Prevention of duplication can only happen at the library preparation level. The most common reason for observed duplication is a loss of diversity in the library resulting from a loss of material at some point during the library preparation, resulting in the need for more PCR amplification to retain sufficient material to make the final sequencing library. Reduced duplication can usually be achieved by working out how to carry more material through the library production process and therefore being able to reduce the number of required PCR cycles.
When very large sequencing depths are to be performed from a library it can be useful to do part of the sequencing and then identify when the diversity in the library will be exhausted. The Preseq package can estimate this to produce plots which plot the amount of raw data generated against the amount of usable data after deduplication (plot drawn using MultiQC).
Technical duplication is not always a simple thing to evaluate. It is not a good idea to blindly deduplicate samples since this can cause biases in itself, and a true estimation of technical duplication requires taking the local read density into account.
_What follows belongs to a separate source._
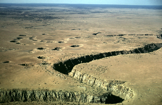 147-23: Aligned sinkholes in Permian Kaibab ls along right bank of Chevelon Fork (of the Little Colorado River), 18 miles southeast of Winslow, AZ. View to the northwest. For scale, there is a white-faced cow at about the "eight o'clock" position to the left of a small tree at the edge of the second sink from the lower border of the photo. (13Jun66)

The sequence level plots shown here were generated in FastQC and the plots of density vs duplication were done in SeqMonk. The density vs duplication plots can also be generated on the command line in DupRadar. The extrapolation of productive sequencing content can be done in Preseq with visualisation using MultiQC.
3 thoughts on "Libraries can contain technical duplication"
Great website! Very nice post! What about comparing RNA-seq RPKM values generated by including and excluding duplicates? Assuming there is 10% duplication overall, would you expect to see each gene to be 10% lower in the deduplicated RPKMs or would technical duplication only affect a small number of genes (to a higher level than 10%)?
The relationship shown in the duplication plot above is basically RPKM (well log RPKM) vs duplication level, so there should be a relationship, but it’s non-linear as the amount of biological duplication increases with RPKM value. It’s also a bounded curve so once you reach saturation of starting points then it’s impossible to tell biological from technical duplication on this basis. The curve will also look different for different samples which have differning amounts of data, even if the duplication level is the same.
In principle you could do some kind of curve fitting to estimate the overall duplication level, but this boils down to the point made in the article about making an overall estimation and dividing each count by that amount. It’s a more crude tool than something which accounts for variability in individual genes, but at least it shouldn’t bias the overall counts.
It may be worth mentioning that DupRadar has functionality to fit a curve to the % duplicates vs RPKM plot. This generates two values: “duplication rate at low read counts” and “progression of the duplication rate”. These are probably a more useful metric than the raw % duplicates for the entire dataset.